Recorded data Block Start

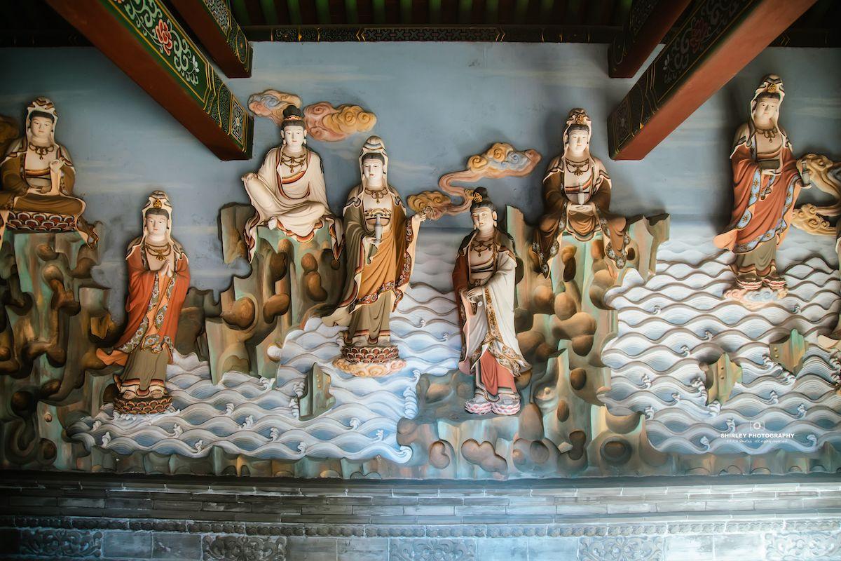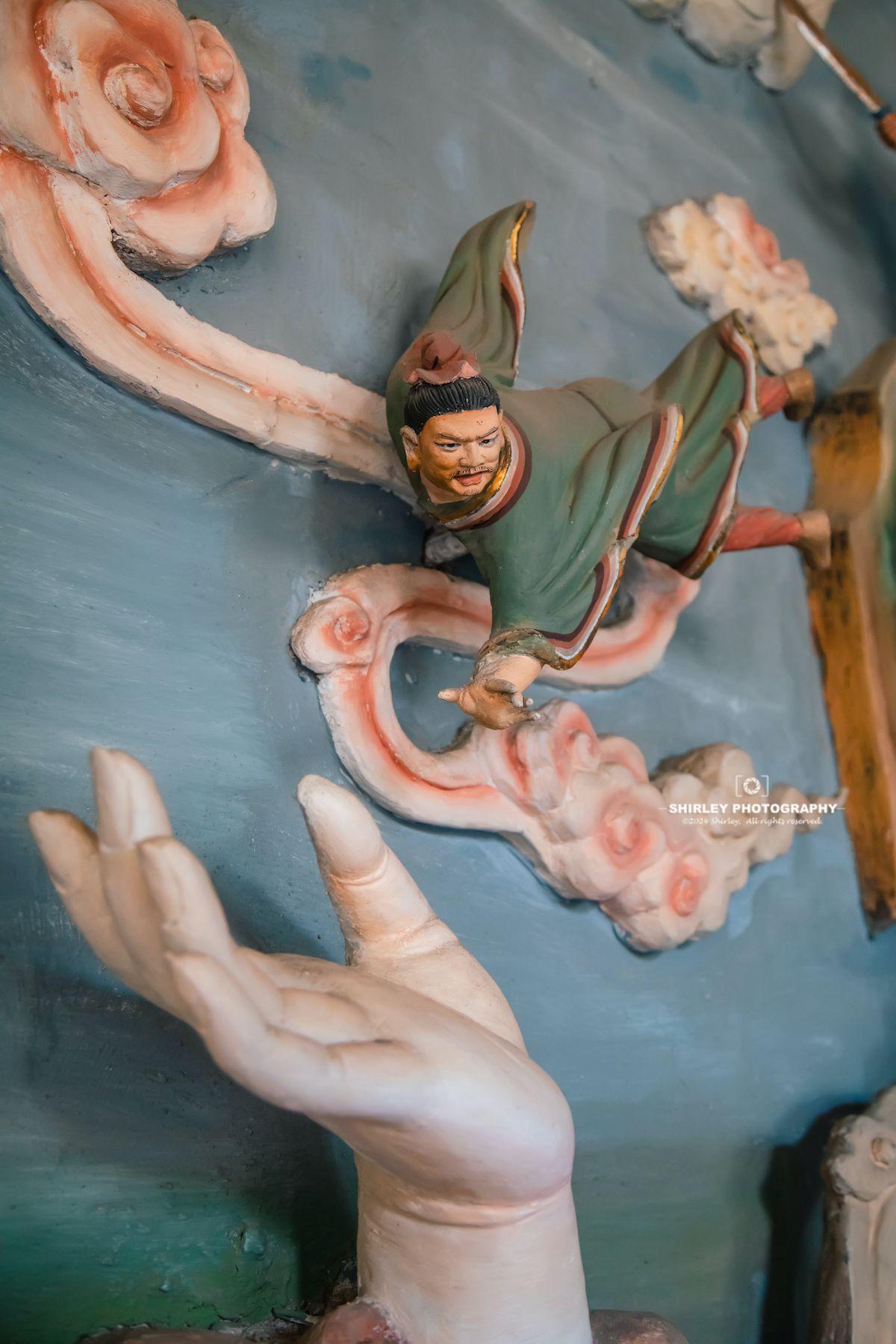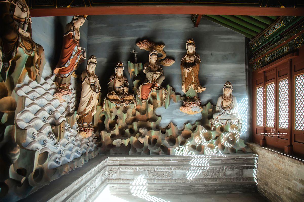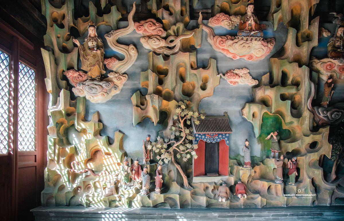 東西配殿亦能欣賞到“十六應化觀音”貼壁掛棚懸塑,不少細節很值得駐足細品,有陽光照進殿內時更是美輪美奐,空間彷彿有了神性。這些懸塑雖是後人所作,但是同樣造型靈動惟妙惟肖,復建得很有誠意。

Recorded data Block End
Recorded data Block Start

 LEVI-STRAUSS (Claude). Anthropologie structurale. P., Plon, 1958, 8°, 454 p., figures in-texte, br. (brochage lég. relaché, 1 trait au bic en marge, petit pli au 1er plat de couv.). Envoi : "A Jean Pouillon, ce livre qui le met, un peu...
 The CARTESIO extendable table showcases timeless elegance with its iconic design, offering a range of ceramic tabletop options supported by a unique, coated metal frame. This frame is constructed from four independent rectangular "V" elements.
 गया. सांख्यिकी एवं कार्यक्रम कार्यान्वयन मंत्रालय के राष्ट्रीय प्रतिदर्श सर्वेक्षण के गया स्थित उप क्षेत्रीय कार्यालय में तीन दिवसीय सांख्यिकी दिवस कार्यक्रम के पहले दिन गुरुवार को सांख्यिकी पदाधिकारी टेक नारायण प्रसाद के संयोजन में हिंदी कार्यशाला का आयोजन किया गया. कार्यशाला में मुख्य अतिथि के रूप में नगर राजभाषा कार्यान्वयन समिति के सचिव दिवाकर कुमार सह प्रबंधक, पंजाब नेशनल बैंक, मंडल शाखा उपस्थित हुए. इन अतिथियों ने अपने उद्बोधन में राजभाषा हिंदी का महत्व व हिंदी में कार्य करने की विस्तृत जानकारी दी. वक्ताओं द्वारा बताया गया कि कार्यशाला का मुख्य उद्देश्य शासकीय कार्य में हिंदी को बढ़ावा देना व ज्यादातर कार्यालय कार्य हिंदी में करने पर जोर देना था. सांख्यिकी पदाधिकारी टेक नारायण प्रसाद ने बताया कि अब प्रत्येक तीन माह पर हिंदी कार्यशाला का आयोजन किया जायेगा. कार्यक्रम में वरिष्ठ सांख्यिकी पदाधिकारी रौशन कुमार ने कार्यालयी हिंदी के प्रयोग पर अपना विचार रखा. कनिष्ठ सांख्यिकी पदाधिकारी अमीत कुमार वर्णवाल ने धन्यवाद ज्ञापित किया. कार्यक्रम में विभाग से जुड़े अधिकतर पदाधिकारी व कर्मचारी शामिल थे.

Recorded data Block End

* [Your task]
Look back at the entries above and repeat, unchanged, every line from the line holding "The CARTESIO extendable" through the line holding "गया. सांख्यिकी एवं".

* [Output of the exercise]
 The CARTESIO extendable table showcases timeless elegance with its iconic design, offering a range of ceramic tabletop options supported by a unique, coated metal frame. This frame is constructed from four independent rectangular "V" elements.
 गया. सांख्यिकी एवं कार्यक्रम कार्यान्वयन मंत्रालय के राष्ट्रीय प्रतिदर्श सर्वेक्षण के गया स्थित उप क्षेत्रीय कार्यालय में तीन दिवसीय सांख्यिकी दिवस कार्यक्रम के पहले दिन गुरुवार को सांख्यिकी पदाधिकारी टेक नारायण प्रसाद के संयोजन में हिंदी कार्यशाला का आयोजन किया गया. कार्यशाला में मुख्य अतिथि के रूप में नगर राजभाषा कार्यान्वयन समिति के सचिव दिवाकर कुमार सह प्रबंधक, पंजाब नेशनल बैंक, मंडल शाखा उपस्थित हुए. इन अतिथियों ने अपने उद्बोधन में राजभाषा हिंदी का महत्व व हिंदी में कार्य करने की विस्तृत जानकारी दी. वक्ताओं द्वारा बताया गया कि कार्यशाला का मुख्य उद्देश्य शासकीय कार्य में हिंदी को बढ़ावा देना व ज्यादातर कार्यालय कार्य हिंदी में करने पर जोर देना था. सांख्यिकी पदाधिकारी टेक नारायण प्रसाद ने बताया कि अब प्रत्येक तीन माह पर हिंदी कार्यशाला का आयोजन किया जायेगा. कार्यक्रम में वरिष्ठ सांख्यिकी पदाधिकारी रौशन कुमार ने कार्यालयी हिंदी के प्रयोग पर अपना विचार रखा. कनिष्ठ सांख्यिकी पदाधिकारी अमीत कुमार वर्णवाल ने धन्यवाद ज्ञापित किया. कार्यक्रम में विभाग से जुड़े अधिकतर पदाधिकारी व कर्मचारी शामिल थे.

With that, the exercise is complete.